How zvec's Write-Ahead Log (WAL) Ensures Data Durability

zvec guarantees durability by appending every mutation to a crash-recoverable WAL with CRC checksums before applying changes to in-memory structures, ensuring no committed data is lost even after system crashes.

The Alibaba zvec vector database engine relies on a robust write-ahead log (WAL) mechanism to provide strong durability guarantees for every document mutation. Before any INSERT, UPDATE, UPSERT, or DELETE operation becomes visible to readers, zvec serializes the change to an append-only WAL file protected by CRC32C checksums. This design ensures that even if the system crashes immediately after a write, the committed data can be fully recovered during the next startup.

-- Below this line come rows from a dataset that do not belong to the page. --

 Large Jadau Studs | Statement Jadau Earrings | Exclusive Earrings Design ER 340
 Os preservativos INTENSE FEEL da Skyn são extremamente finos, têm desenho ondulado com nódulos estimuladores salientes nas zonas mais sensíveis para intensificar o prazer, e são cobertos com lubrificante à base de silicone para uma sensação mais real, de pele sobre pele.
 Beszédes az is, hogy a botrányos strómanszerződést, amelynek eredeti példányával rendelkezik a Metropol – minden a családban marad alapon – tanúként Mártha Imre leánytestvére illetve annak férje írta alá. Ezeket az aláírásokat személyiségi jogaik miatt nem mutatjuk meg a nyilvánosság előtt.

Core WAL Architecture and File Structure

WAL File Creation and Path Management

Every segment in zvec maintains its own dedicated WAL file. When a segment initializes its write-ahead log, SegmentImpl::open_wal_file() invokes WalFile::Create to instantiate a LocalWalFile. The file path is constructed via FileHelper::MakeWalPath, generating a file named *.wal in the segment's directory.

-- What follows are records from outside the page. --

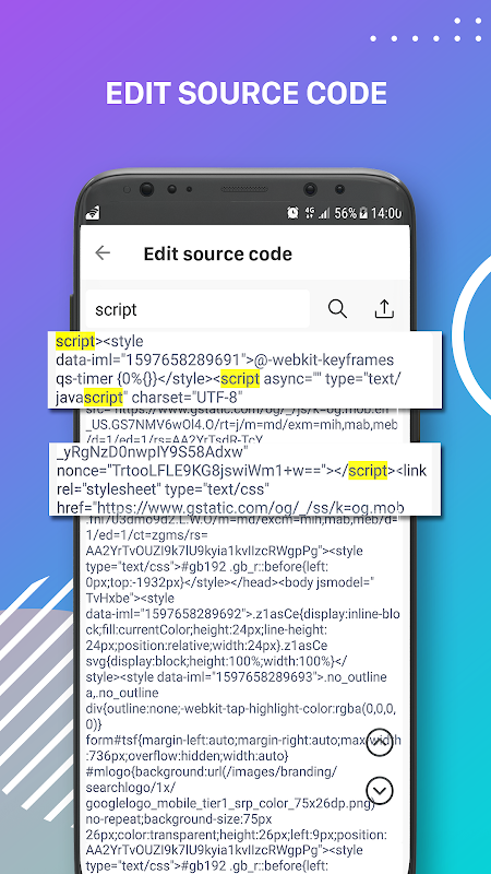 + Met deze applicatie kunt u de HTML-broncode van een live website alleen op uw apparaat wijzigen. Elke wijziging die u aanbrengt, wordt NIET in het systeem opgeslagen.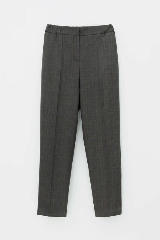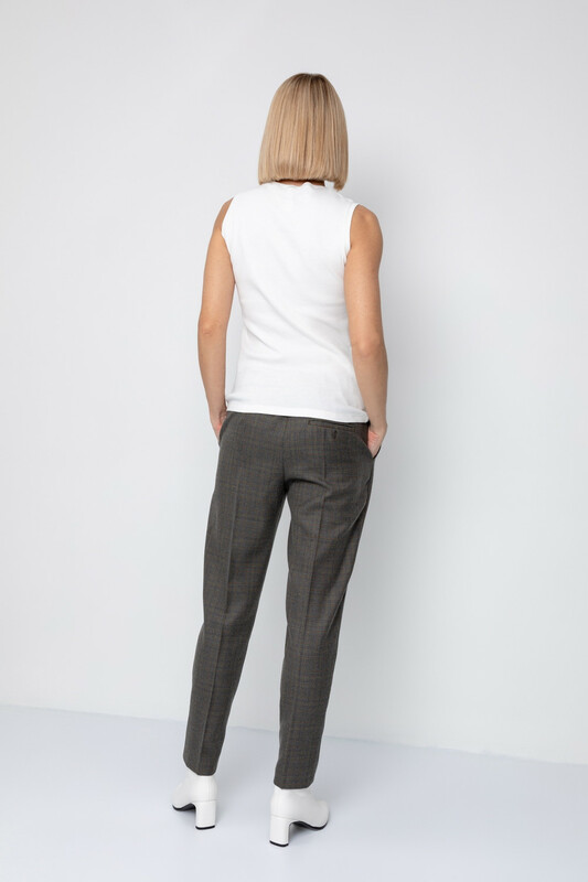 Брюки из костюмной ткани с добавлением шерсти в клетку прямого силуэта, слегка зауженные книзу с боковыми карманами и заутюженными стрелками. Комфортый пояс на резинке. Застегивается спереди на молнию и брючный крючок.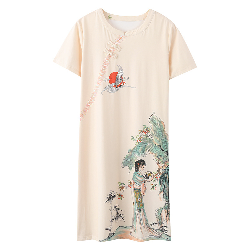 莫代尔睡裙女夏季薄款新款高级感中年妈妈夏天中裙睡衣可外穿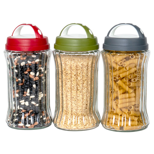 This stylish set of food storage jars set keeps your dry goods—such as flour, cereals, sugar, nuts, tea, dried beans, and your favorite snacks—safe...

This separation ensures that WAL files are never overwritten in-place—only new records are appended—providing a linear history of mutations that can be replayed sequentially.

Record Format and CRC Protection

Each mutation is wrapped in a WalRecord structure before hitting the disk. In LocalWalFile::append, the system constructs a record containing three fields: length (payload size), CRC32C checksum, and payload (the serialized document bytes).

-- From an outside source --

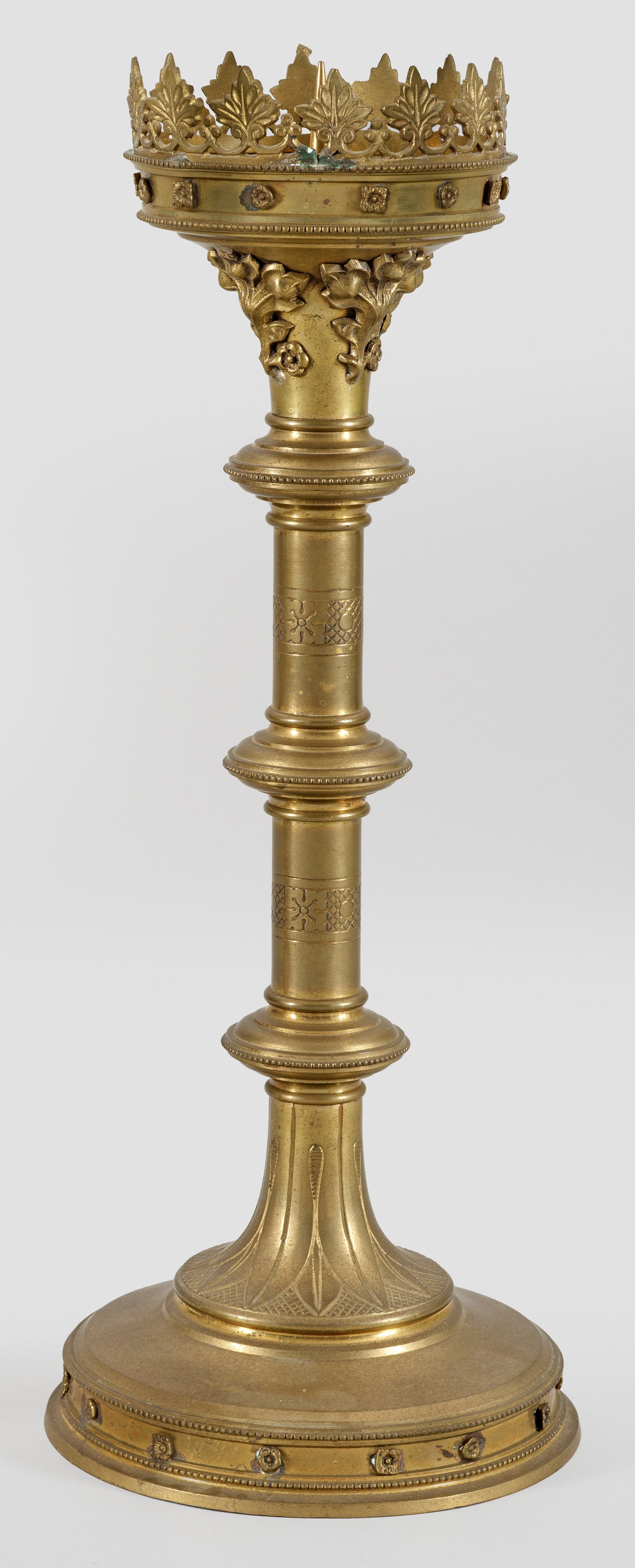 Messing. Über Rundfuß mit zylindrischer, blütenbesetzter Wandung gerahmt von zwei Eierstabfriesen, trompetenfömiger, mit Blütenblattmuster verzierter Schaftansatz und minim. konisch zulaufender Schaft mit Profilwülsten und drei kräftigen, außen spitz zulaufenden, mit Eierstabfriesen umzogenen Nodi. Die Fußgestaltung widerspiegelnde Tropfschale mit Dorn. Minim. Rest.; H. 46 cm.

The CRC is computed using ailego::Crc32c::Hash over the payload data. This checksum serves as a corruption detector during recovery—if a bit-rot or partial write occurs, the CRC validation fails and the recovery process stops before applying the damaged record, preventing data loss.

Atomic Append and Thread Safety

Concurrent mutations to the same segment are serialized through a mutex guard. Inside LocalWalFile::append, the actual disk write occurs within a std::lock_guard<std::mutex> scope that protects the write_record method.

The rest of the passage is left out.